Photo gallery Generations of learning at Grandparents University
What do you get when you combine the wonderment of childhood with the experience of a lifetime? Magic, and that’s what Grandparents University is all about.
For the first time since the pandemic began, grandparents and their grandchildren came together on the UW–Madison campus this summer for two days of fun, adventure and learning in the program sponsored by the Wisconsin Alumni Association. Each family chooses an academic discipline to focus on, with UW faculty and staff leading the way.
As one grandparent put it, they could see their grandchildren’s eyes light up with curiosity and surprise as they shared generational insights and learned together.
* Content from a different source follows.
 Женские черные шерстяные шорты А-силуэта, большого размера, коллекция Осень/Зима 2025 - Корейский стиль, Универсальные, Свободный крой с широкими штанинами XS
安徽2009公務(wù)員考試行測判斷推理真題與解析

“Nobody listens to the grandkids with more intensity than their grandparents,” said Tom Zinnen, a state extension specialist with the Extension who was an instructor in the biotechnology lab.
At center, Evie Supple hands cut flowers to her grandma, Gloria Green, while Winnie Supple kneels nearby during the Grandparents University SciArt Garden Adventure class in Allen Centennial Garden. "It's just fun to see their eyes light up at certain things that they're seeing here and just to engage their curiosity and just inspire their love of learning," said Green, who came with three grandchildren.
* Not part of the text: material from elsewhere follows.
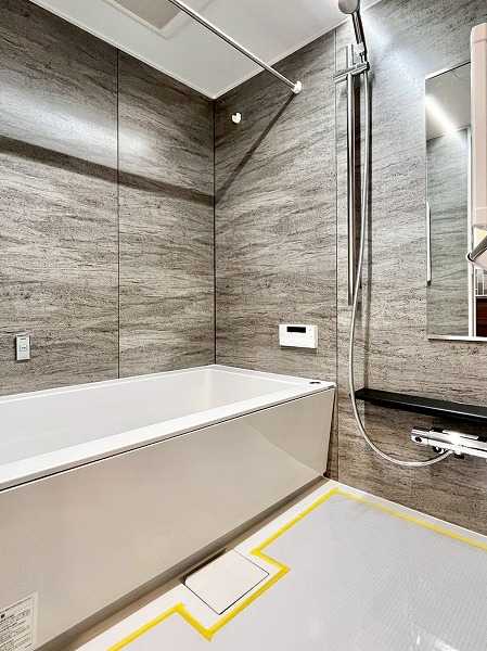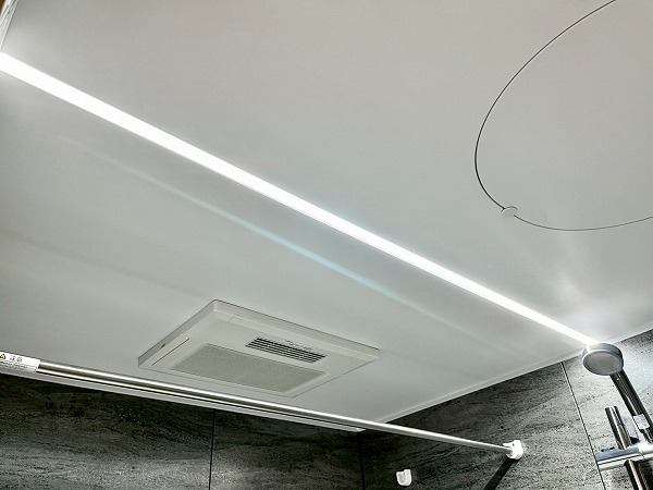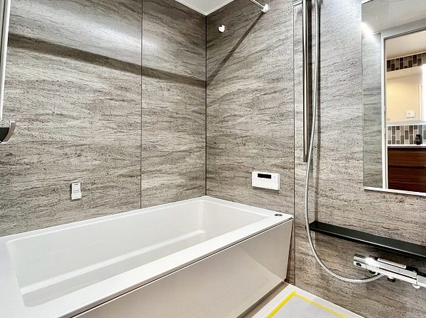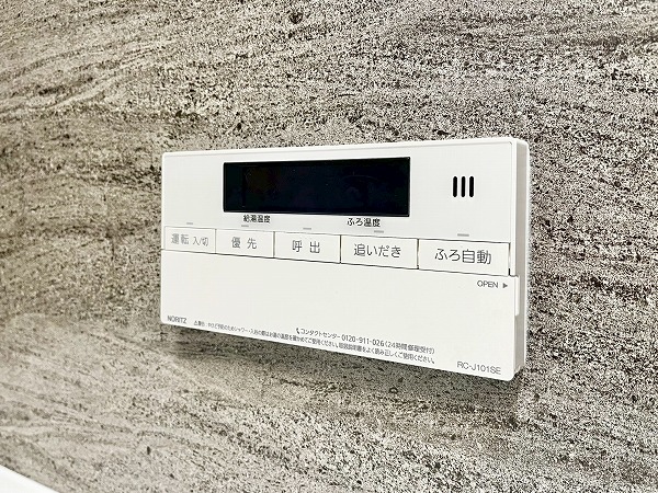 浴室乾燥機能を備えたくつろぎのバスルーム。こちらは壁についたスイッチで、照明の寒色・暖色を切り替えることができるちょっと珍しい仕様です。趣味で長風呂される方は、さらに特別なバスタイムになるかもしれませんね。追い焚き機能もついているので、お湯がぬるくなってしまっても、適温に温めなおしてリラックスタイムを楽しめます✧

Children create a colorful floating flower collage made of zinnias, marigolds, daisies, and lilies picked in Allen Centennial Garden.
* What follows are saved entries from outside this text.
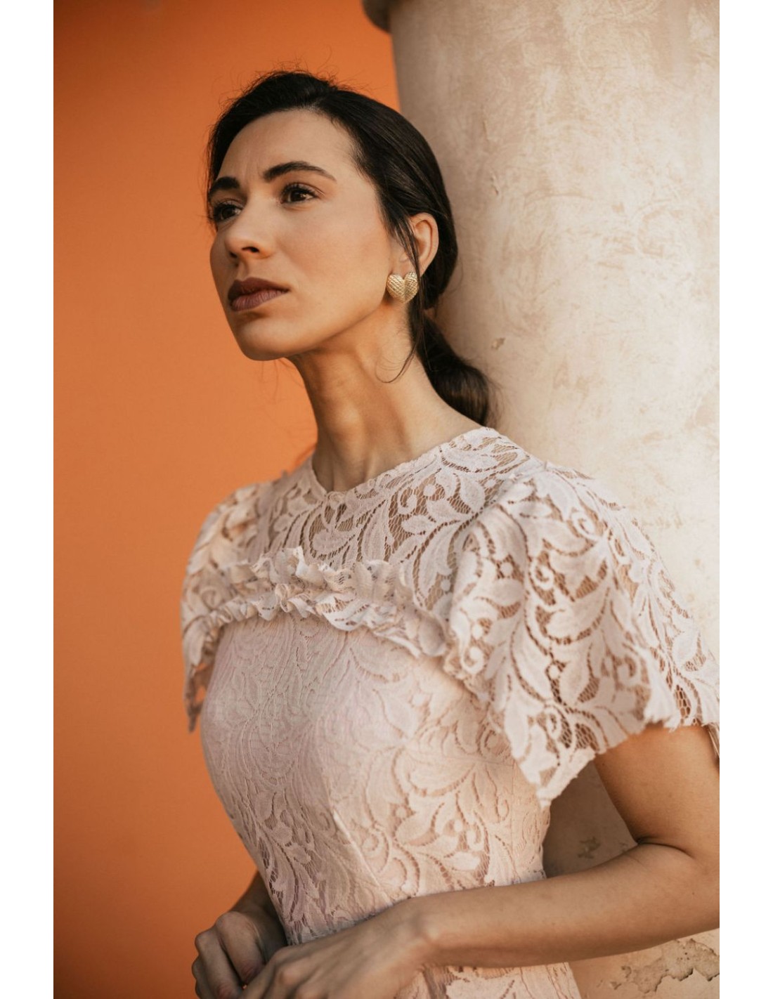 This pearl pink midi dress combines delicate lace with a romantic and sophisticated design. It features mini ruffles on the bodice and a wide ruffle at the hem for movement and style.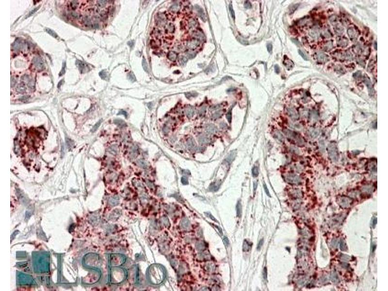 Immunohistochemistry: In paraffin embedded Human Breast shows mitochondrial staining in the epithelial cells of the ducts. Recommended concentration, 3-5 μg/mL.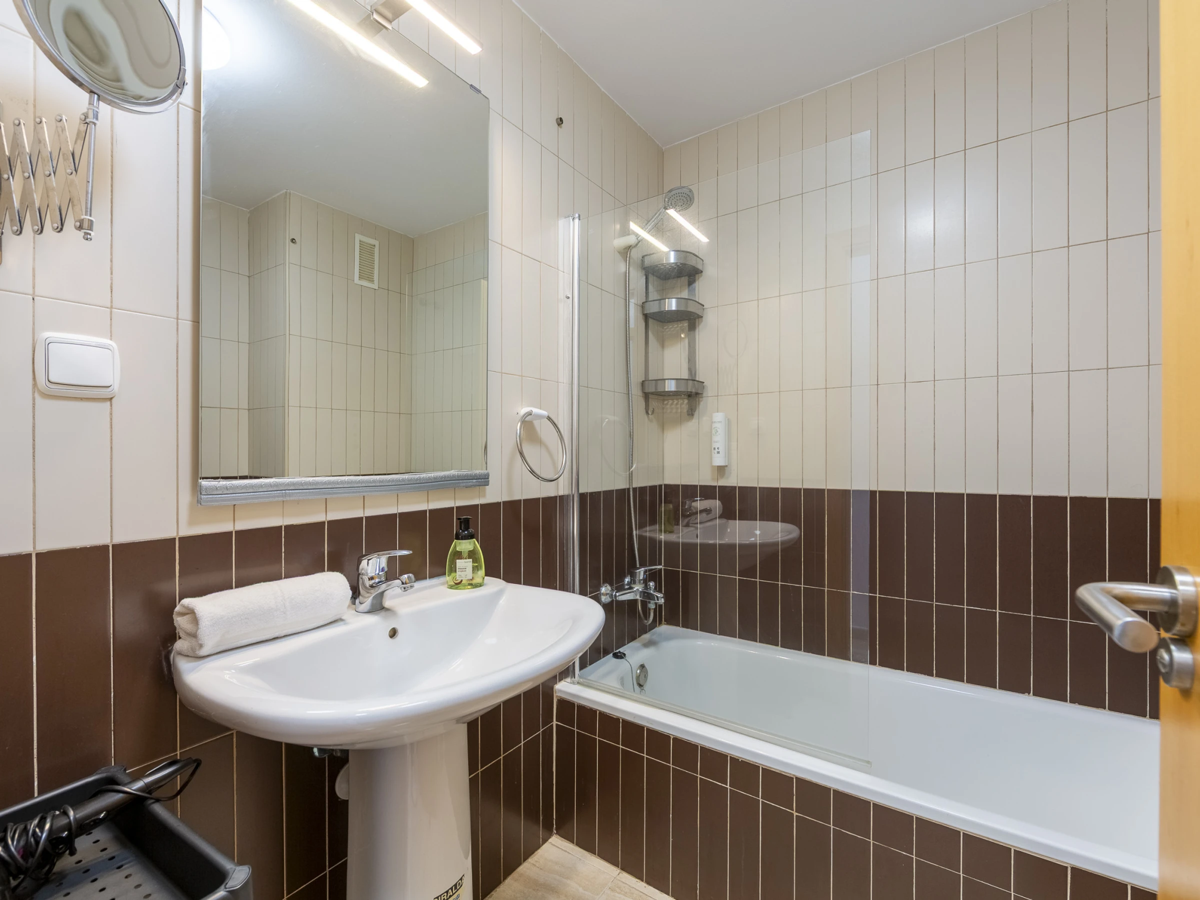 El apartamento, con aire acondicionado, cuenta con 2 dormitorios, una acogedora sala de estar, una cocina completamente equipada con nevera y cafetera, y un baño con bañera.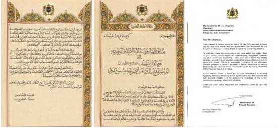 摩洛哥国王穆罕默德六世致开云在线开户_开云(中国)董事长刘敬桢先生的感谢信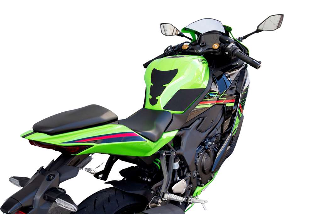 車種ごとに一から型を作製した専用設計商品のため、ZX-4R SE・ZX-4RRの車体にもすんなり馴染みます。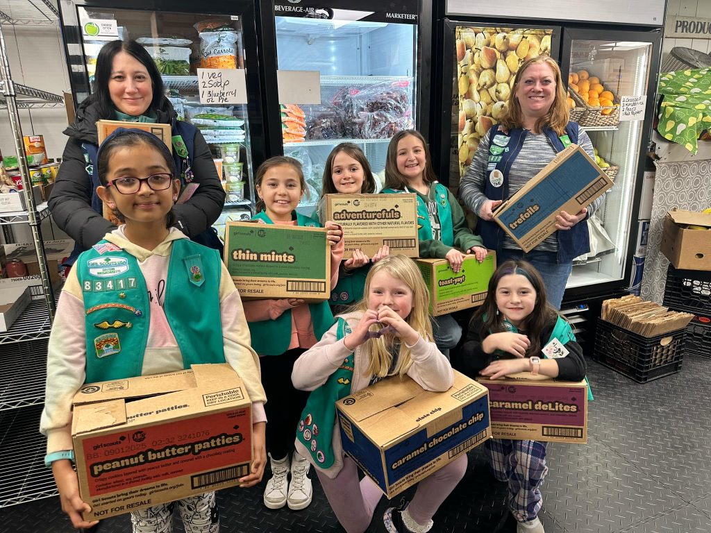 WAKEFIELD — Members of Wakefield Junior Troop 83417 dropped off 80 boxes of Girl Scout cookies to the Wakefield Food Pantry along with a monetary donation from their cookie proceeds.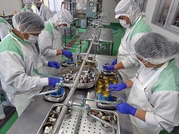 水槽からクルマエビを氷水へ移動します。選別・計量し、おがくずを入れた化粧箱に箱詰めします。

At center, Ian Woods pulls a sample of wheat germ DNA into a test tube held by grandmother Sandy Gilmore, while at left UW student and GPU staff member Luvia Montoya looks on.
Jeanne Nye and her granddaughter Charlotte Nye admire a growing chain of test tubes whose colors of green, red, blue, and yellow represent the four nucleotide bases of DNA.
Jo Anne Graser holds a vial filled with DNA that she and her grandson extracted from wheat germ during a Grandparents University biotechnology class in the Genetics-Biotechnology Center Building.
Course instructor Yaxin Hu helps Owen Shepler and his grandmother Joan Gillman during a Grandparents University social robotics class in the Computer Sciences building. "That was exactly what I wanted him to do," Owen said after setting up the robot. "Absolutely. Perfection," Gillman said.
At left, Nancy Gardner and Weezy Eckstrom work together to code a racecourse using the programming language Scratch during a Grandparents University Computer Science class in the Computer Sciences building.
From left to right, Jabez Tupper and his grandmother Wendy Tupper examine an insect specimen that they are working together to pin and label during a Grandparents University entomology class.
Grandparents University participants are busy pinning bugs that they collected the previous day during an entomology class. "Now I like playing with dead bugs," said Will Hammes of Madison, who attended with his grandmother Jeannie Altmann of Plymouth, Minn.
Students reach out to feel a rock sample as they identify its type —igneous, sedimentary, or metamorphic — during a Grandparents University geology class in the Weeks Hall for Geological Sciences.
Gabe Smiley and his grandmother Liz Frie identify insects by their illustrations for an bingo game during a Grandparents University entomology class in the Russell Laboratories building.